Sharyn and Cam Smith have petitioned the city to change property at the corner of East Three Notch and Roselane Drive from R-1 to B-1. Mrs. Smith plans to build and operate a State Farm business there.
Andalusia Planning and Development director Andy Wiggins explained that the city changed to corridor zoning, it allowed for businesses in that area, but the businesses would be subject to higher standards.
“This zoning carries a little bit more architectural standards,” he said. “The owners have to submit building plans and a site development plan.”
The owners would be required to erect buffers from residential neighbors, and to landscape the property, he said.
Wiggins said the site plan submitted by the Smiths includes an office that looks like a house, and parking for nine vehicles on the Roselane Drive side of the property.
Cam Smith addressed the council during its workshop session and said the proposed project looks like a home.
“My wife specifically did not want a metal building with a glass front,” he said. “We want it to look nice, to be good neighbors, and keep it well maintained.”
The property would have a sign, he said, adding that it would be lighted, but low profile; not elevated.
Herb and Lisa Riedel, who live in the residential section of East Three Notch, also attended the workshop and Herb Riedel said he and other neighbors oppose the proposed rezoning.

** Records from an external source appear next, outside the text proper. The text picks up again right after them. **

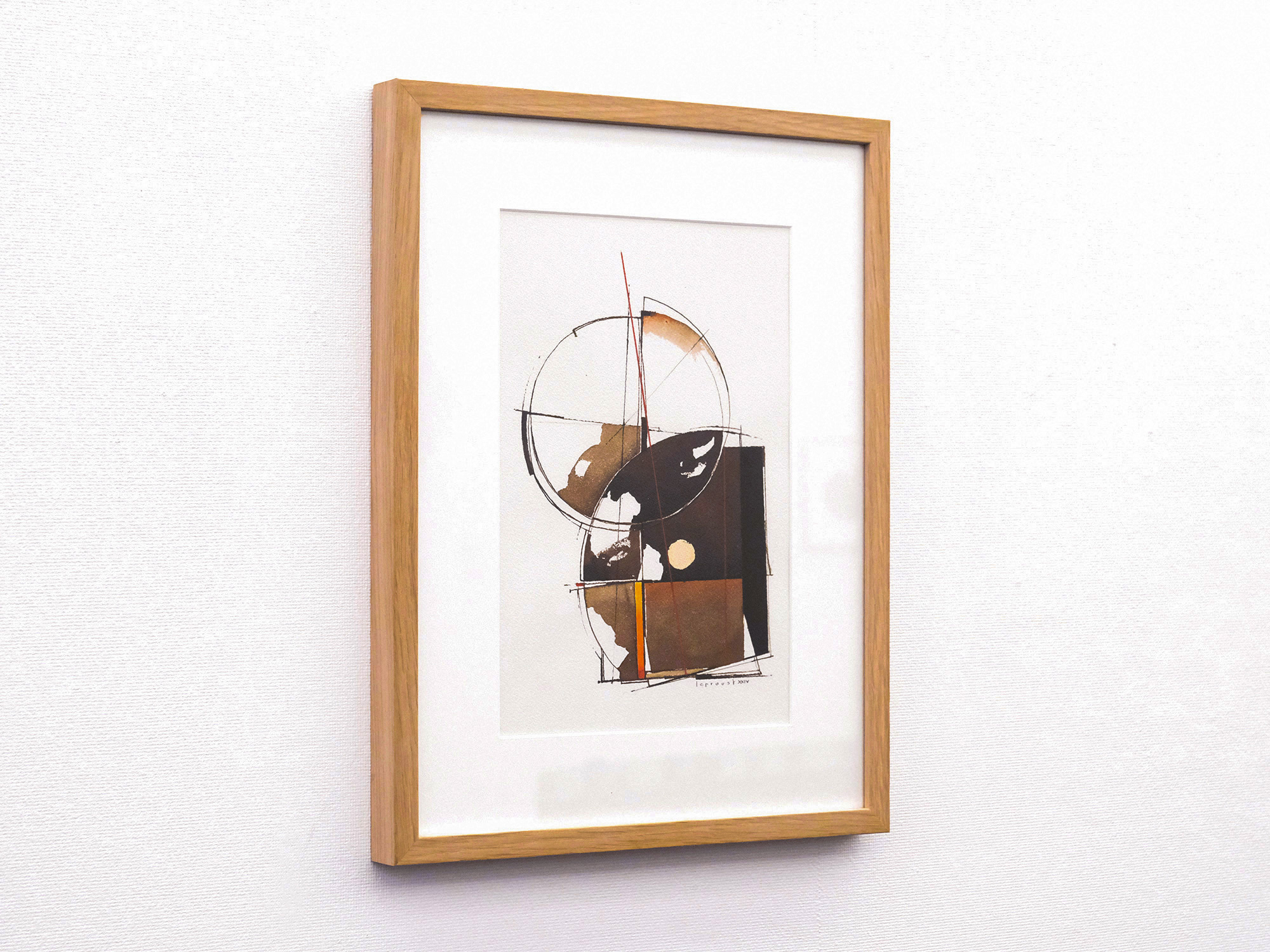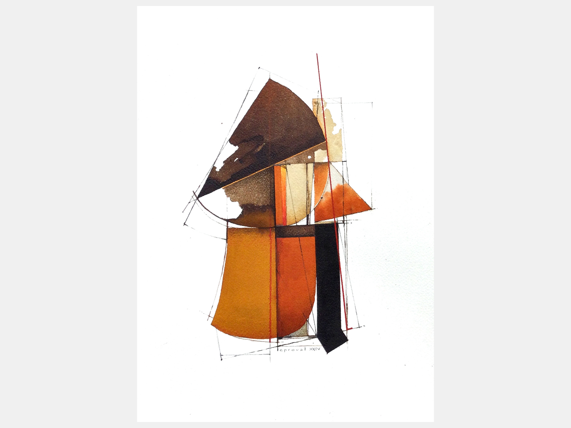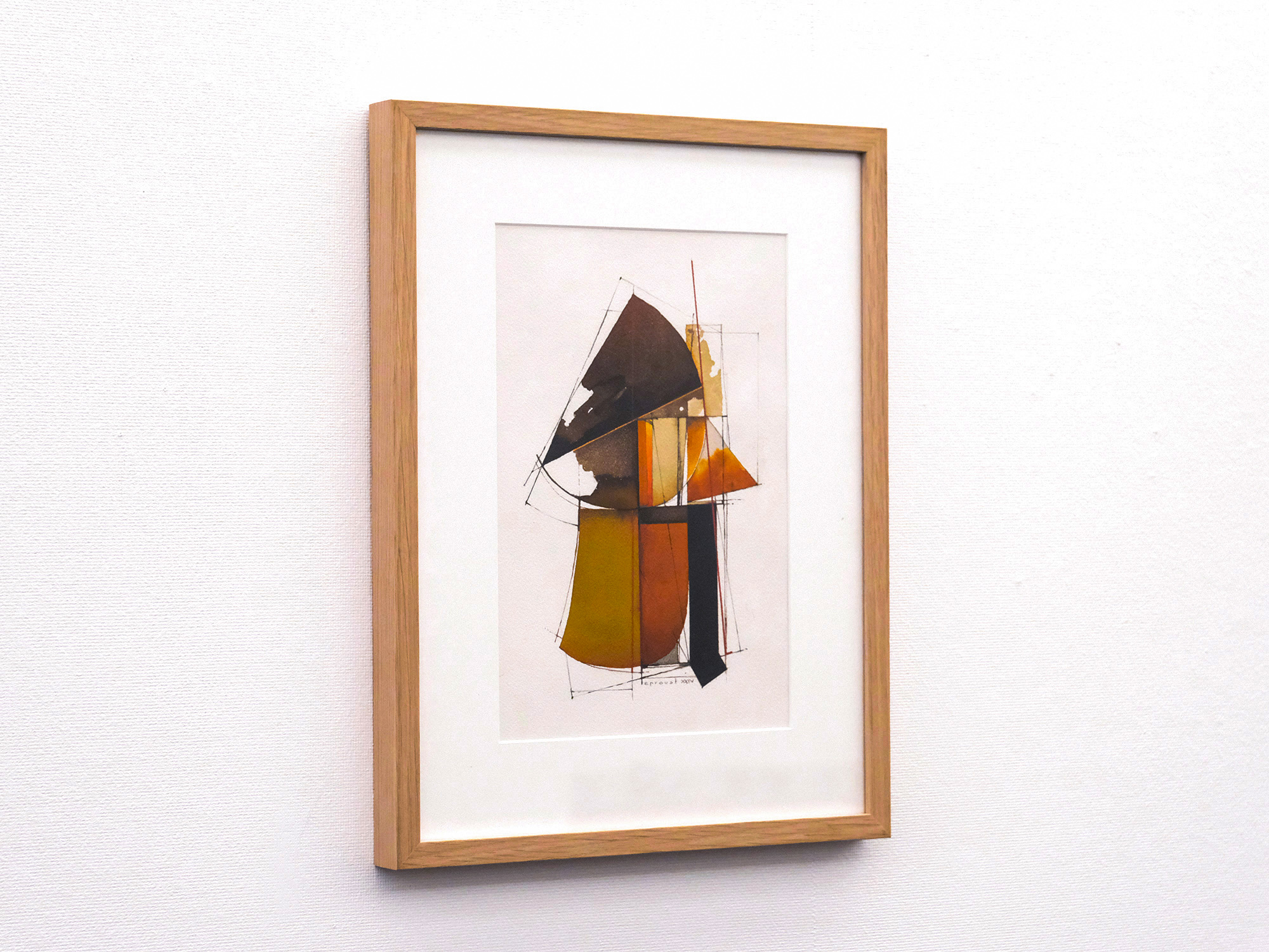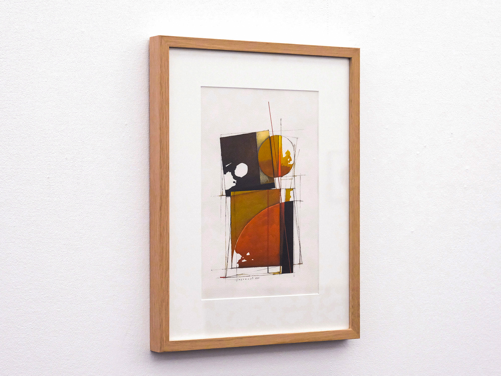 他方、抽象画家のティエリー・ルプルーストさんは、パリなどにアトリエを持ち製作されています。 内装建築を学んだ後、画業の他にも、オペラや演劇で舞台芸術を手がけるほか、映画の美術監督も務めて来られました。 その作品は、そうしたご経歴からか、建築設計図の様な趣で、さまざまな線や図形が縦横無尽に交わる絵で欧州では人気を博しております。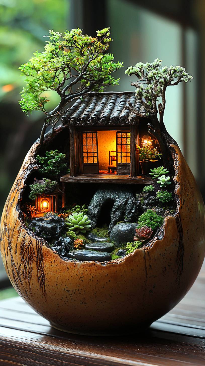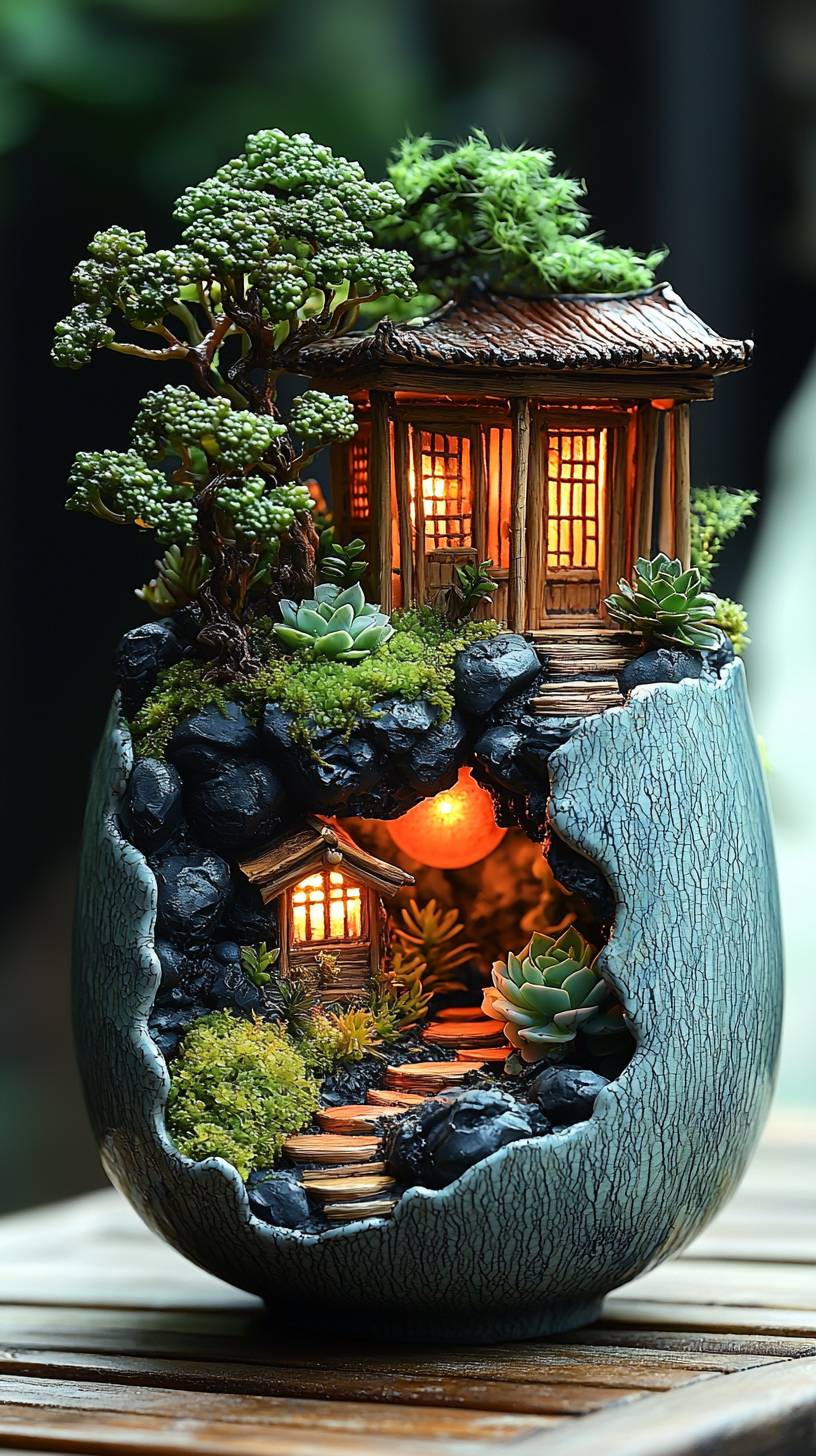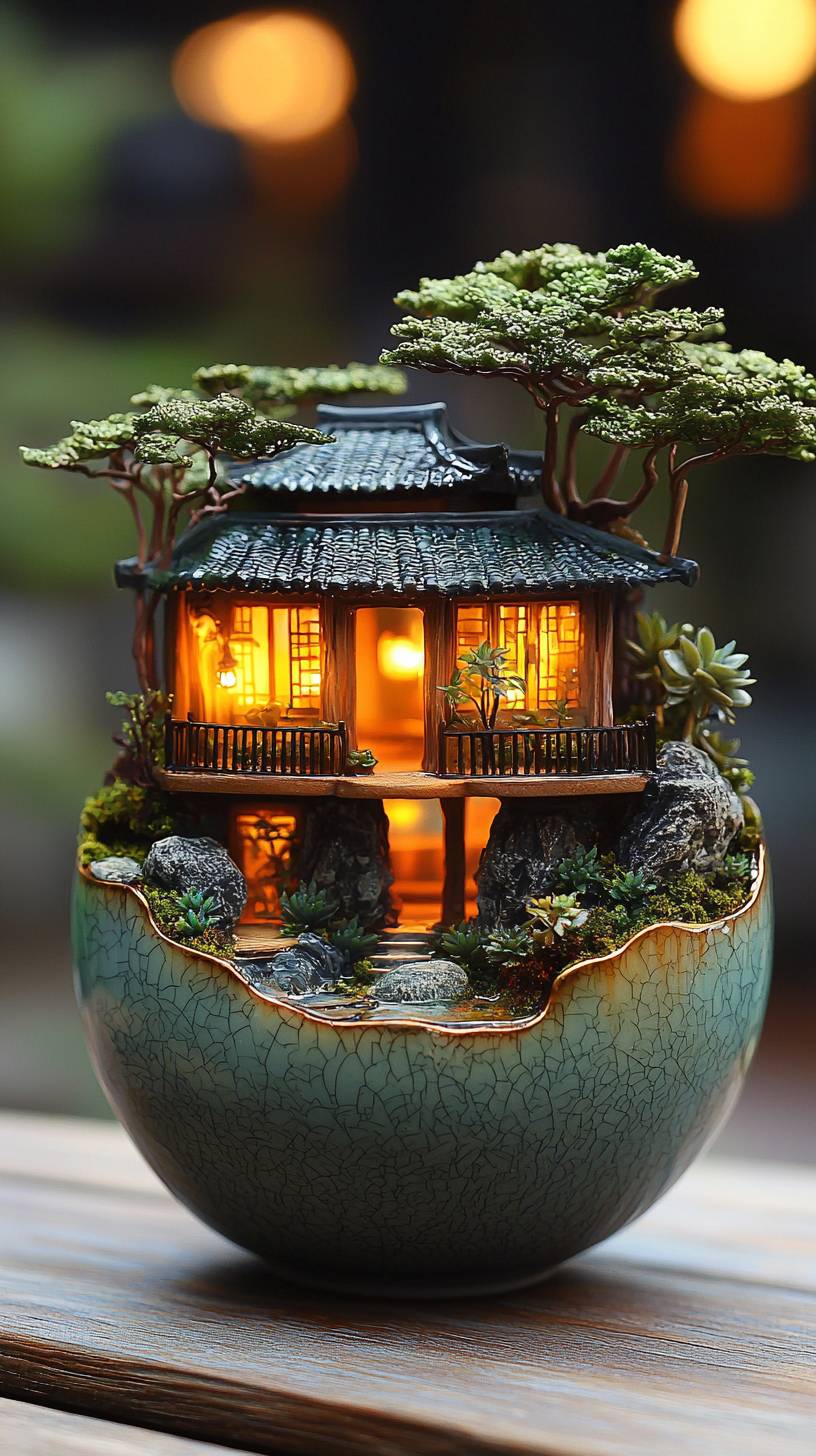 On the night of the Mid-Autumn Festival, the moon was bright in the sky. A Jingdezhen porcelain teacup was placed on the table outside. Inside the teacup was a micro landscape with moss, succulents, small volcanic stones, and a small wooden house with lights on. --ar 9:16 --quality 2 --stylize 750 --v 6.1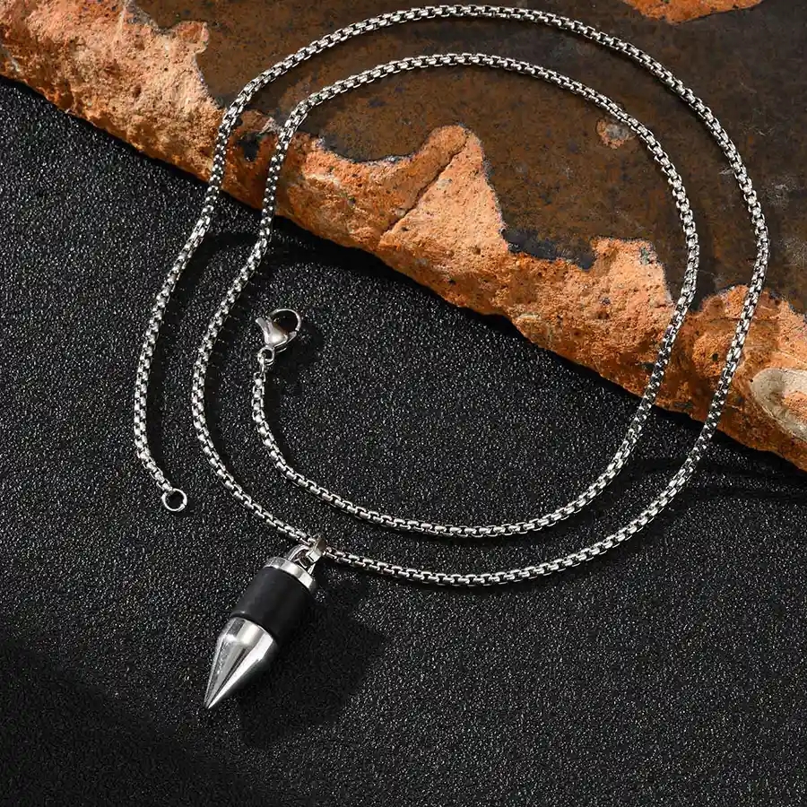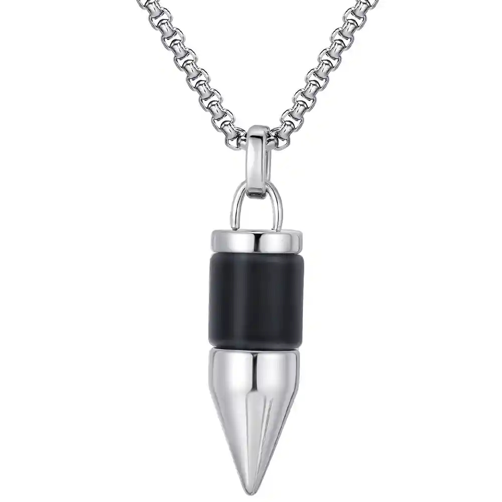BulletCore Steel Necklace on luotu miehelle, joka uskaltaa erottua. Riipus, joka on saanut inspiraationsa patruunasta, on valmistettu ruostumattomasta teräksestä mustalla keskiosalla, mikä antaa rouhean ja maskuliinisen ilmeen.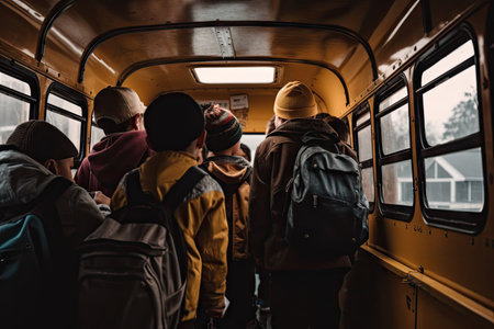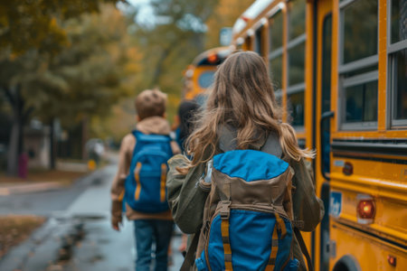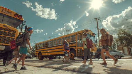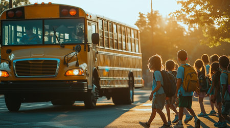 Children boarding a school bus on a sunny day, ready for their school adventure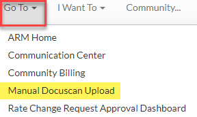 Step 1: Starting on the Resident Management home page, click the Go To menu, then select Manual DocuScan Upload.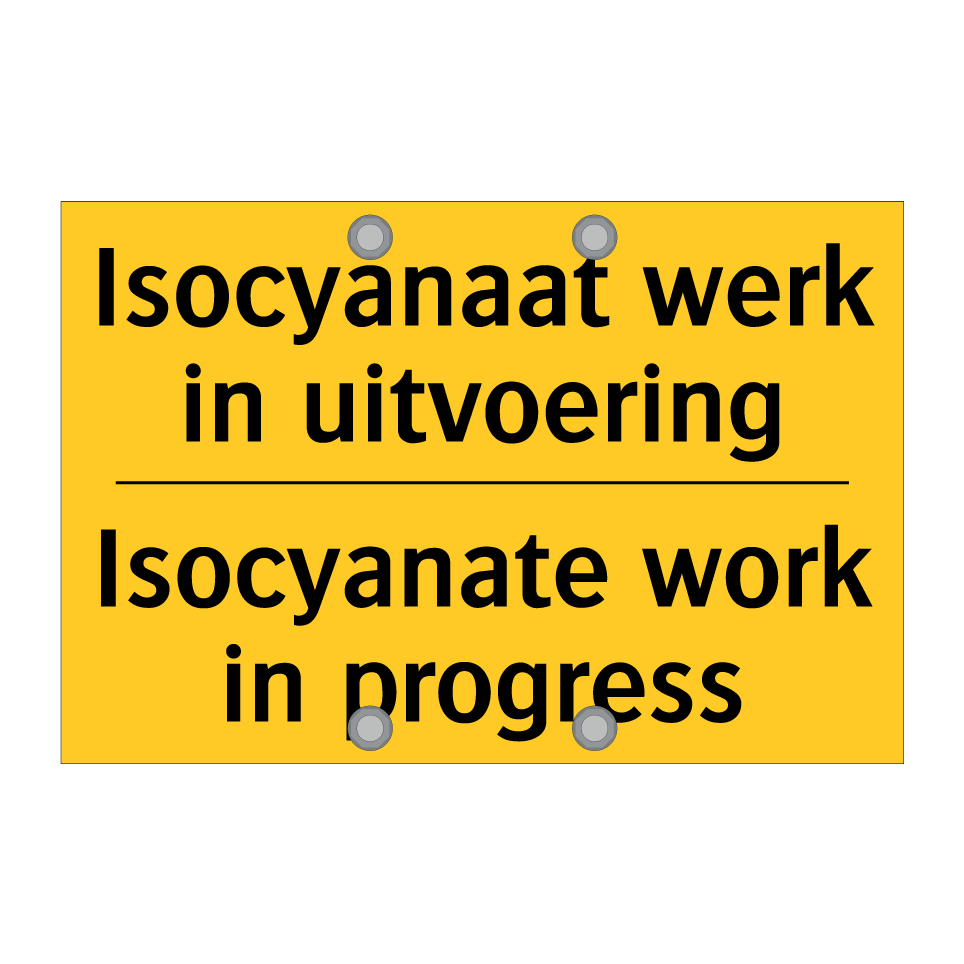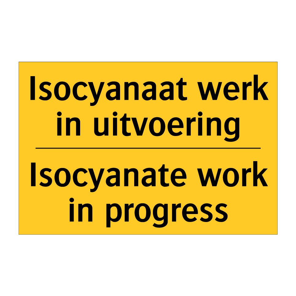 Waarschuwingsbord met de tekst Isocyanaat werk in uitvoering / Isocyanate work in progress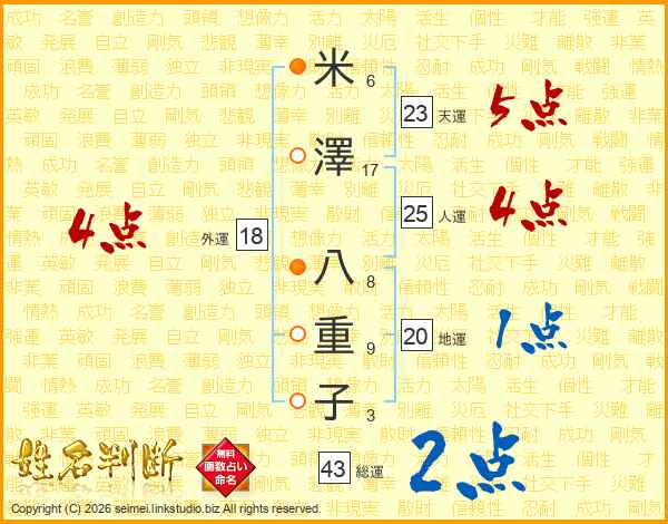 米澤八重子さんの外運は18画の4点!
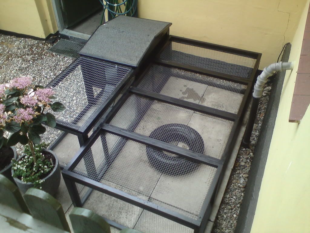 Julie Stuhr: jeg har faktisk bare købt det i Jem og Fix  :-$ Det er 2 forskellige bure jeg har købet dem hver for sig, og så har mig og min kæreste ilder sikret det og sæt net op forskellige steder og taget net ned igen andre steder for de ikk skal løbe ud  og for de 2 bure kunne sættes sammen til 1 stort :D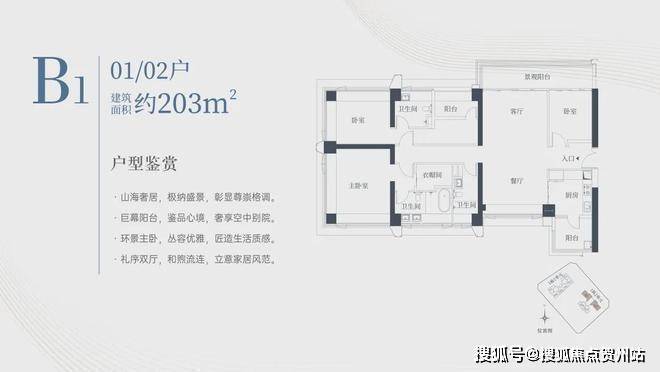 1栋二单元B1户型:面积约为203㎡

“We live about a block from where this lot is located,” Riedel said. “Once I realized that this was in the works, I talked to some of the neighbors. A number of people I talked to, share concern about businesses encroaching into area of East Three Notch that is now residential.
“I have no concern personally about Mr. or Mrs. Smith and their intentions to have an attractive facility and maintain it well,” he said.
“As a resident and citizen and taxpayer, I believe this is not good for my property value,” Riedel said. “If we are going to have zoning, let’s keep it residential.
Two other neighbors also attended the council meeting, but did not speak. Each side will have another chance to speak before the council votes on the issue at its Nov. 5 meeting. State law requires that ordinances and amendments to ordinances have two readings before being voted upon, unless a governing body votes unanimously to suspend the rules.